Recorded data

━━━━━━━━━━━━━━━━━━━━

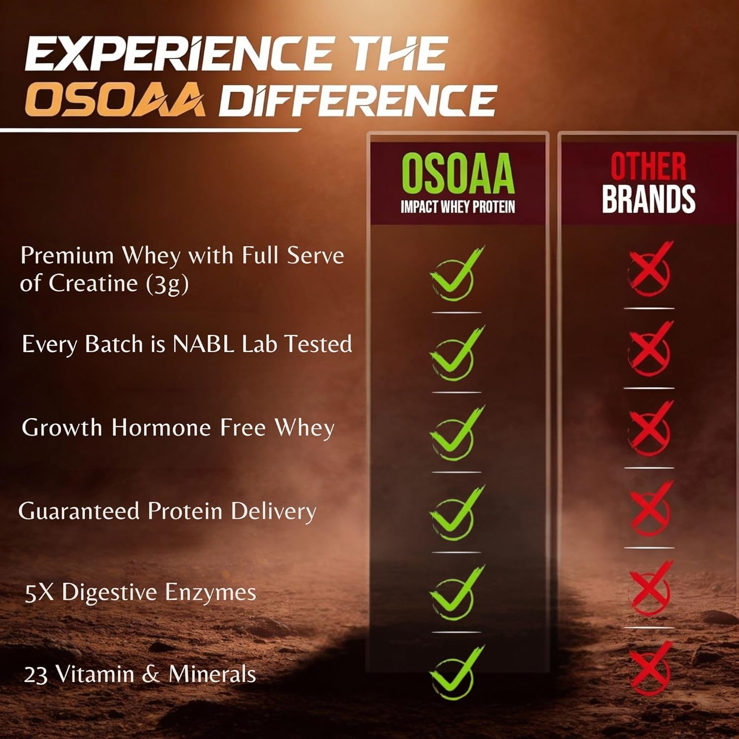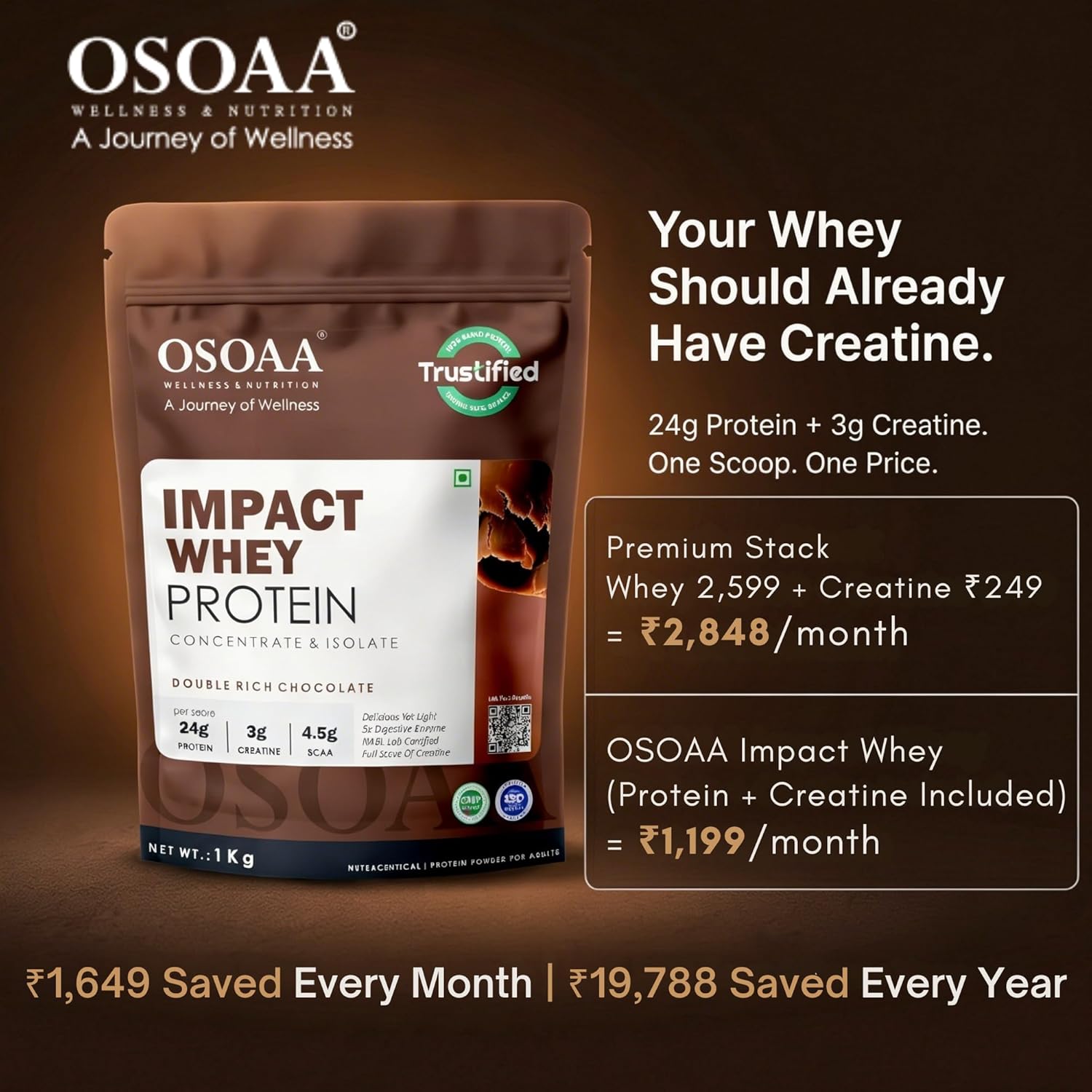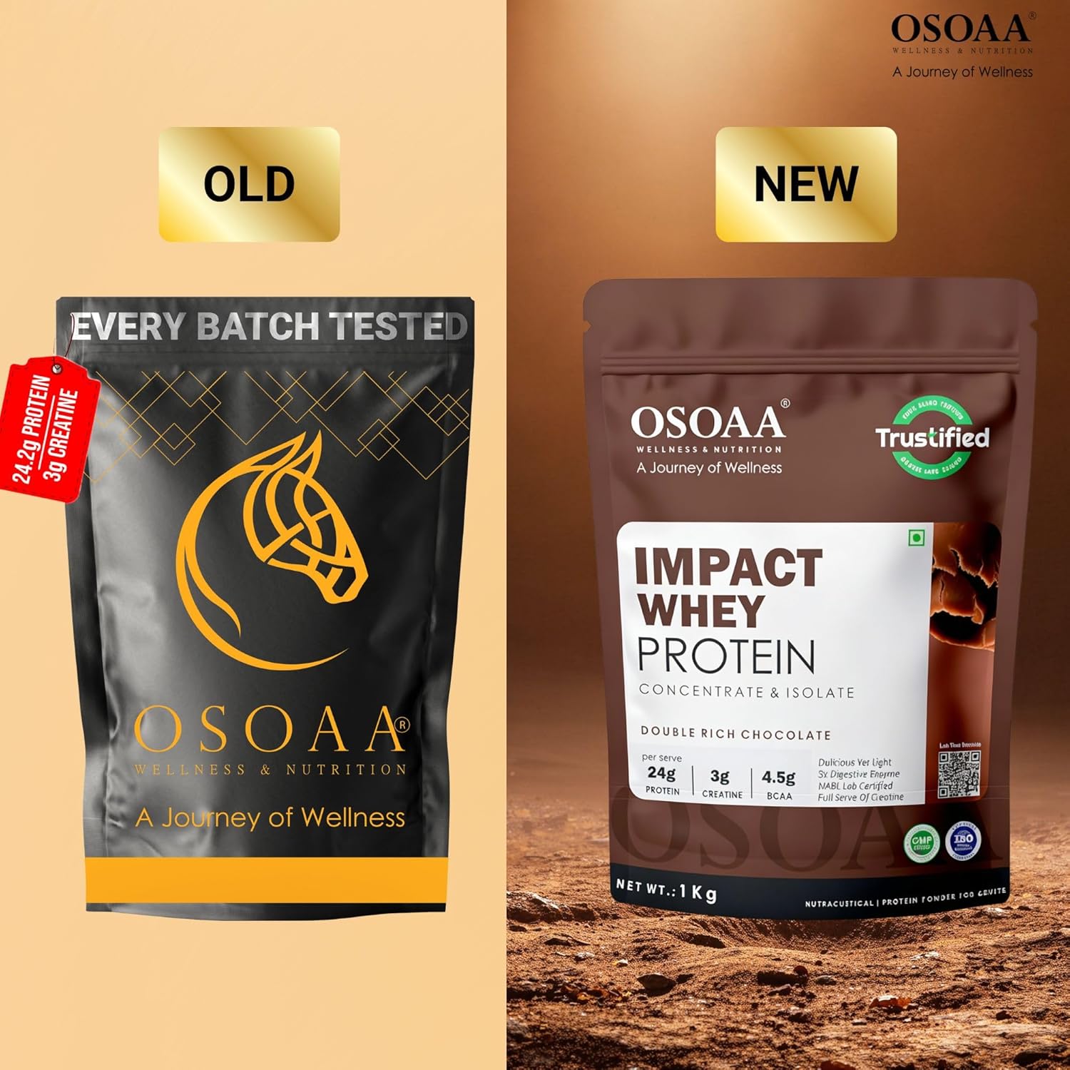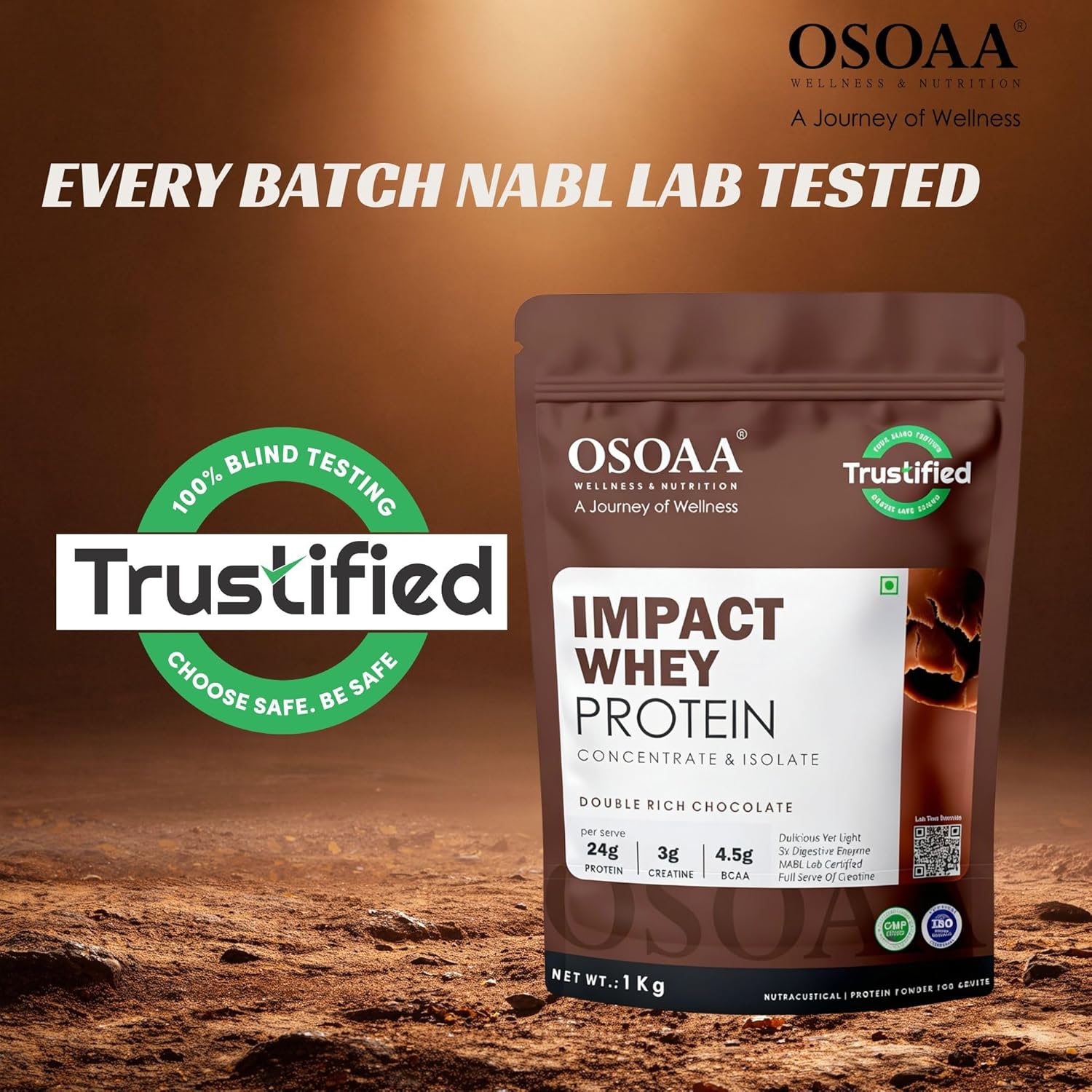 Osoaa Impact Whey Protein 1kg -Double Rich Chocolate | Isolate & Concentrate | 24g Protein & 3g Creatine with 5X Digestive Enzymes | Trustified Certified & NABL Lab Tested
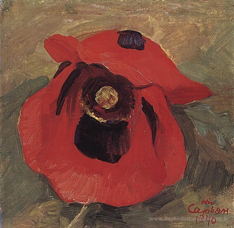 Nous vous proposons une reproduction artisanale sur toile du célèbre tableau 'Coquelicot' de Martiros Saryan, provenant du Musée de la Reproduction.
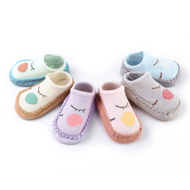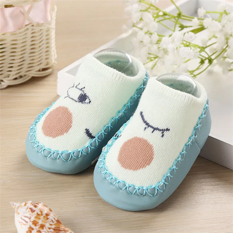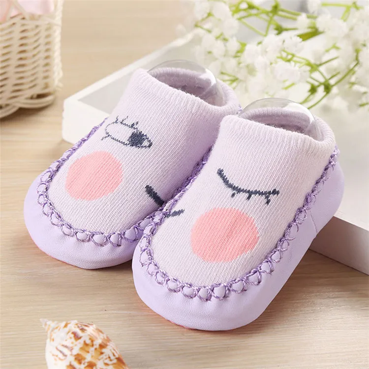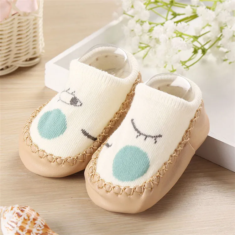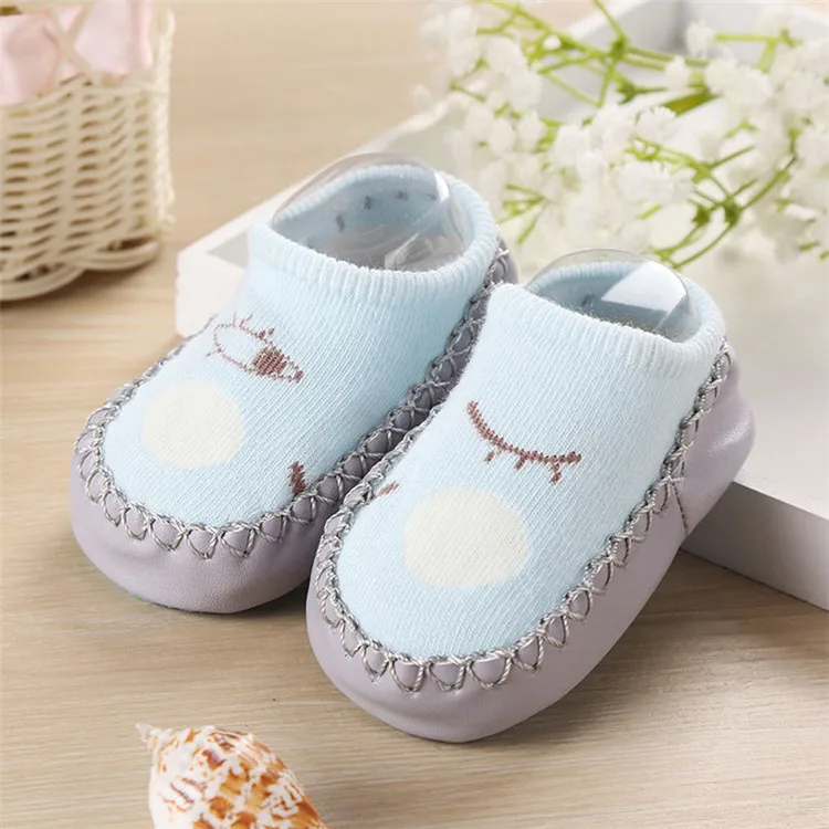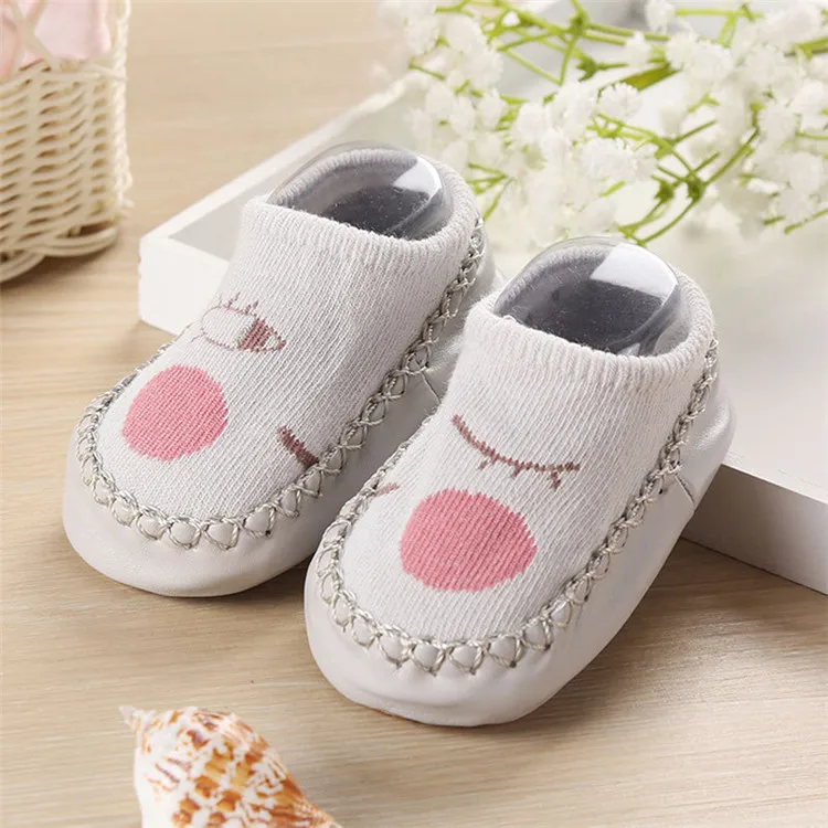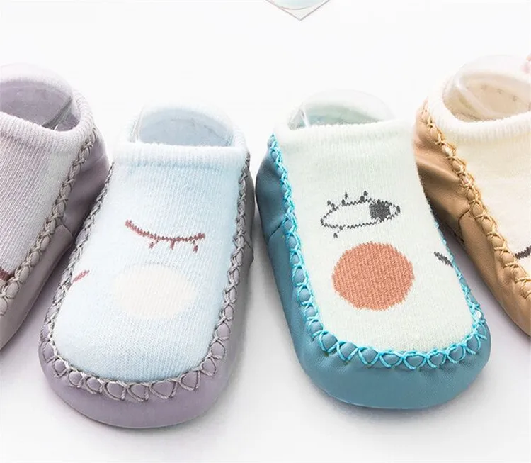 Детские носки с резиновой подошвой, Нескользящие осенние детские напольные туфли для новорожденных девочек
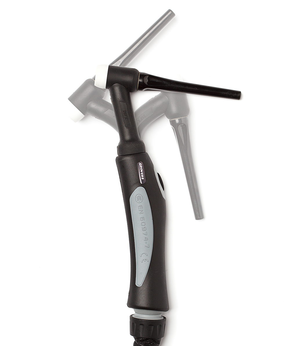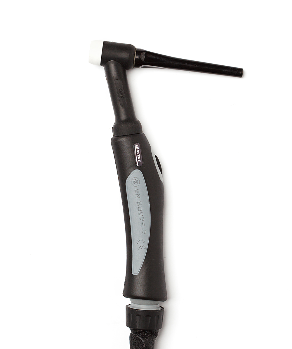 Сварочная горелка GROVERS SUREGRIP 26 FLEX c воздушным охлаждением предназначена для аргонодуговой сварки неплавящимся электродом в среде инертных газов. Подключение осуществляется через кабельную вставку 35-50 с выведенным шлангом для подачи газа. Подключение управления через разъем TYCO (адаптирован для аппаратов GROVERS).
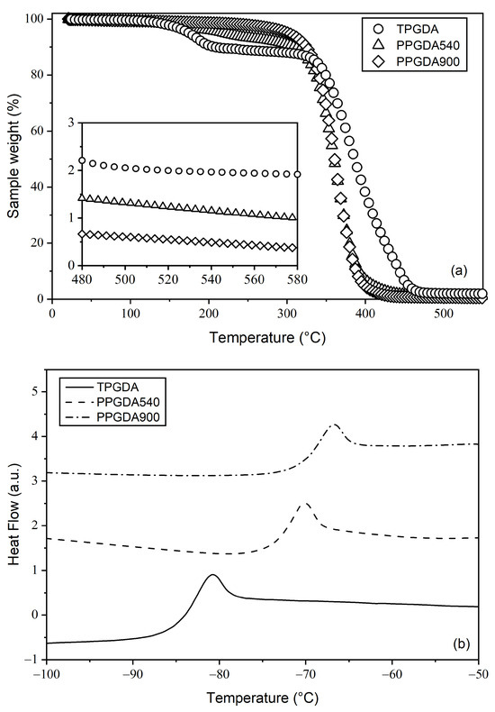 Figure 3a presents the TGA analysis results for TPGDA, PPGDA540, and PPGDA900. The figure shows that the TPGDA monomer degrades faster than the other monomers. It remains stable up to 140 °C, after which it degrades to 90% of its initial weight between 195 °C and 325 °C, followed by a second degradation. At 465 °C, the TPGDA monomer is almost completely degraded (2% of the initial mass). The initial degradation may be attributed to lower molar masses (see Figure 2b). The residual material (2%) observed at 465 °C can be linked to the presence of inorganic impurities. It is worth noting that the PPGDA540 monomer degrades at a slower rate than the TPGDA monomer. The substance remains stable up to a temperature of 152 °C, after which it undergoes a weight decrease until it loses 12% of its original weight at 313 °C. The material experiences rapid degradation, with complete degradation occurring at 327 °C. The degradation of 12% between 152 to 313 °C suggests the presence of inorganic impurities in the monomer, although less than in TPGDA monomer. The PPGDA900 monomer is the most stable of the three monomers, undergoing a slow decrease rather than a sudden drop. Its degradation begins at 221 °C and reaches total degradation at 443 °C. This monomer also contains inorganic impurities (see Figure 3a).

━━━━━━━━━━━━━━━━━━━━

_WHAT THIS TASK INVOLVES_
Every word of the data should be reproduced exactly; please omit any pictures.

_OUTPUT FOR THIS TASK_
 Osoaa Impact Whey Protein 1kg -Double Rich Chocolate | Isolate & Concentrate | 24g Protein & 3g Creatine with 5X Digestive Enzymes | Trustified Certified & NABL Lab Tested
 Nous vous proposons une reproduction artisanale sur toile du célèbre tableau 'Coquelicot' de Martiros Saryan, provenant du Musée de la Reproduction.
 Детские носки с резиновой подошвой, Нескользящие осенние детские напольные туфли для новорожденных девочек
 Сварочная горелка GROVERS SUREGRIP 26 FLEX c воздушным охлаждением предназначена для аргонодуговой сварки неплавящимся электродом в среде инертных газов. Подключение осуществляется через кабельную вставку 35-50 с выведенным шлангом для подачи газа. Подключение управления через разъем TYCO (адаптирован для аппаратов GROVERS).
 Figure 3a presents the TGA analysis results for TPGDA, PPGDA540, and PPGDA900. The figure shows that the TPGDA monomer degrades faster than the other monomers. It remains stable up to 140 °C, after which it degrades to 90% of its initial weight between 195 °C and 325 °C, followed by a second degradation. At 465 °C, the TPGDA monomer is almost completely degraded (2% of the initial mass). The initial degradation may be attributed to lower molar masses (see Figure 2b). The residual material (2%) observed at 465 °C can be linked to the presence of inorganic impurities. It is worth noting that the PPGDA540 monomer degrades at a slower rate than the TPGDA monomer. The substance remains stable up to a temperature of 152 °C, after which it undergoes a weight decrease until it loses 12% of its original weight at 313 °C. The material experiences rapid degradation, with complete degradation occurring at 327 °C. The degradation of 12% between 152 to 313 °C suggests the presence of inorganic impurities in the monomer, although less than in TPGDA monomer. The PPGDA900 monomer is the most stable of the three monomers, undergoing a slow decrease rather than a sudden drop. Its degradation begins at 221 °C and reaches total degradation at 443 °C. This monomer also contains inorganic impurities (see Figure 3a).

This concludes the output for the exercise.